Y esto, de por sí, ya es mucho en un
mundo tan materialista y lleno de pesimismo.
-Tú y yo
creemos igualmente en Jesucristo como «el Camino, la Verdad y
la Vida» (Jn.14, 6), el único Salvador, Señor y Mediador
entre nosotros y el Padre.
-Los dos amamos igualmente y
estudiamos la Biblia, tratando de descubrir en ella la voluntad
de Dios.
Hay muchas otras cosas más que nos unen.
Pero he querido subrayar solamente las más importantes, para que
nos demos cuenta de que, en lugar de fijarnos en
lo que nos divide, aprendamos a fijarnos mejor en lo
que nos une, para tratar de vivir el mandamiento nuevo
que nos dejó Jesús, con sinceridad y sin exclusivismos: «Ámense
unos con otros, como yo los amo a ustedes» (Jn15,12).
1. Estamos separados
Pero por desgracia, no estamos completamente unidos.

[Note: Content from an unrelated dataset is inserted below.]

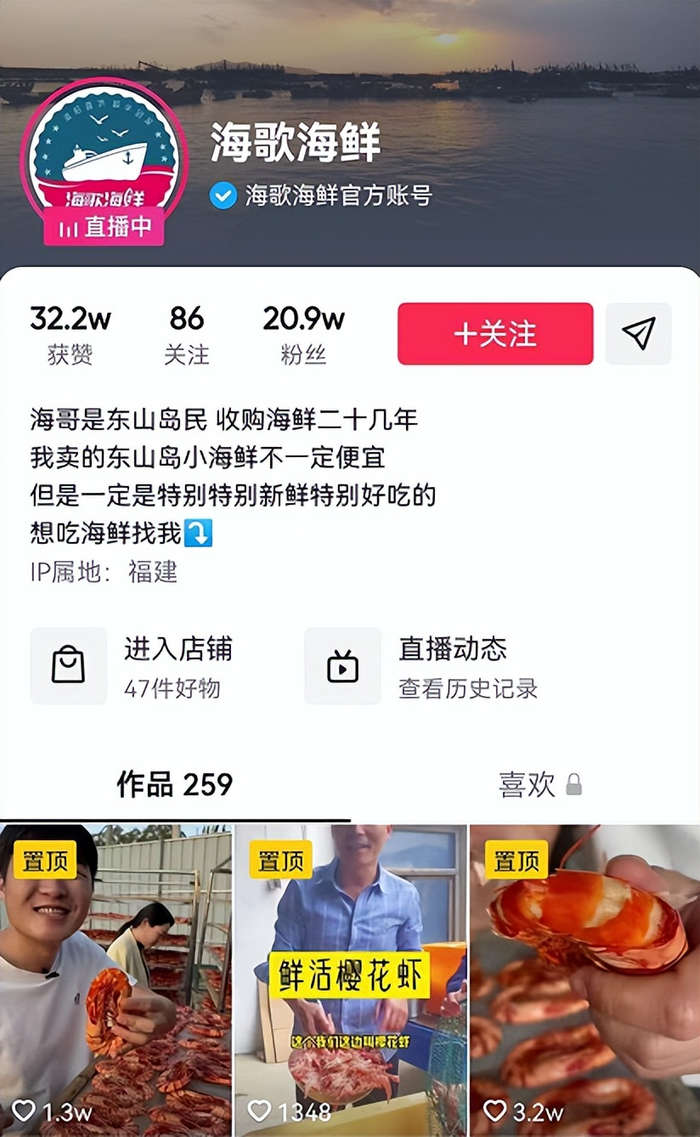 @海歌海鲜是东山岛海鲜品类商家,和上文提到的@刘师傅缝纫用品一样,也是2021年初,公司还处于初创阶段时入驻的入驻巨量千川。在小店随心推的助力下,@海歌海鲜“旗开得胜”:2021年双11期间店铺GMV超200万,2021年双11期间巨量千川ROI达到4+,2021年双11期间粉丝环比增长11.5%,短短一年的时间,就实现了团队规模翻4倍、品牌效益翻10倍的跨越式发展。

El pecado nos ha dividido. Hemos desgarrado el cuerpo de
Cristo. Cristo está roto por nuestra culpa y por la
culpa de nuestros mayores. El adversario nos ha ganado. En
lugar de luchar juntos para mejorar la Iglesia, cada uno
ha querido hacerlo a su modo, apartándose del hermano. El
sueño de Cristo, expresado con tanta insistencia en la vigilia
de su pasión y muerte, se ha esfumado: «Que todos
sean uno, como Tú, Padre, estás en mí y yo en
ti. Sean también ellos uno en nosotros: así el mundo creerá que tú
me has enviado» (Jn.17,21)
Y como consecuencia, a causa de nuestras divisiones,
muchos llegan a rechazar a Cristo y a odiar cualquier
religión, privándose así de esta gran riqueza. A causa de
nuestras divisiones nuestros pueblos están internamente divididos y debilitados en
su espíritu comunitario. Y todo esto, ¡por nuestra culpa! ¡Qué
gran responsabilidad tenemos frente al mundo, por nuestras divisiones! «Así
el mundo creerá que Tú me has enviado» (Jn.17,21), dijo
Jesús. Y ¿cómo va a creer si estamos desunidos? Al
estar nosotros divididos, muchos no creen en Cristo, de modo
que, en lugar de ser un signo de que Cristo
es el enviado de Dios, representamos, mediante nuestra división, una
piedra de tropiezo para los que quisieran acercarse a El.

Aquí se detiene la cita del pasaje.